VerifyWise 2.4: govern third-party AI, AI apps, and agents

VerifyWise 2.4 adds three new modules: the AI Trust Index grades third-party AI apps, the AI Apps inventory governs the tools your teams use, and Agent Control governs what AI agents do.

Most of the AI risk in your company is not in the models you trained. It is in the tools your teams already use, the third-party apps they signed up for last week, and the agents now writing code and moving files on their own.

The numbers back this up. In IBM's Cost of a Data Breach Report 2025, 63% of breached organizations had no AI governance policy in place to manage AI or rein in shadow AI, and 97% of those that suffered an AI-related security incident lacked proper AI access controls. Gartner, meanwhile, predicts that over 40% of agentic AI projects will be canceled by the end of 2027, often because of unclear value and weak risk controls. AI spreads through a company faster than governance catches up, and that gap is where most of the risk sits.

VerifyWise 2.4 is built to close that gap. This release adds three new modules and a set of supporting features that bring the same governance discipline to the wider surface of AI your organization runs on in practice: the apps it buys, and the agents it sets loose. Here is what shipped and how to use it.

VerifyWise 2.4 release: govern third-party AI, AI apps, and AI agents

What is new in 2.4

2.4 is a major release with three new modules at its center. The AI Trust Index grades and tracks third-party AI apps.
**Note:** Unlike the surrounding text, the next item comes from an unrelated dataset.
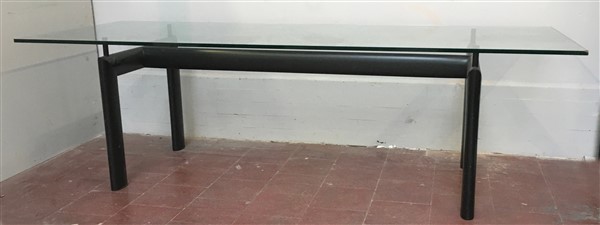Tavolo modello "LC6". Produzione Cassina, Meda, anni '70. Struttura in acciaio verniciato nero, piano in cristallo. (cm 224,5x68,5x85,5) (difetti e mancanze)

The AI Apps inventory governs the AI tools your own teams use. Agent Control governs what AI agents are allowed to do. Around those, the release adds custom fields, a deadline warning banner, Microsoft Entra ID single sign-on, and Spanish coverage across the application.

All three modules share one idea. For years, governance covered the models a company owned while the risk spread to AI it only used. 2.4 extends the same review, approval, and audit discipline to AI you did not build but still depend on.

AI Trust Index: grade the AI apps before you trust them

Your teams adopt third-party AI apps faster than any review process can keep up. Each one handles your data under its own terms, trains on it or does not, retains it or deletes it, and most people signing up never read the policy. The AI Trust Index gives you a way to judge those apps before you trust them.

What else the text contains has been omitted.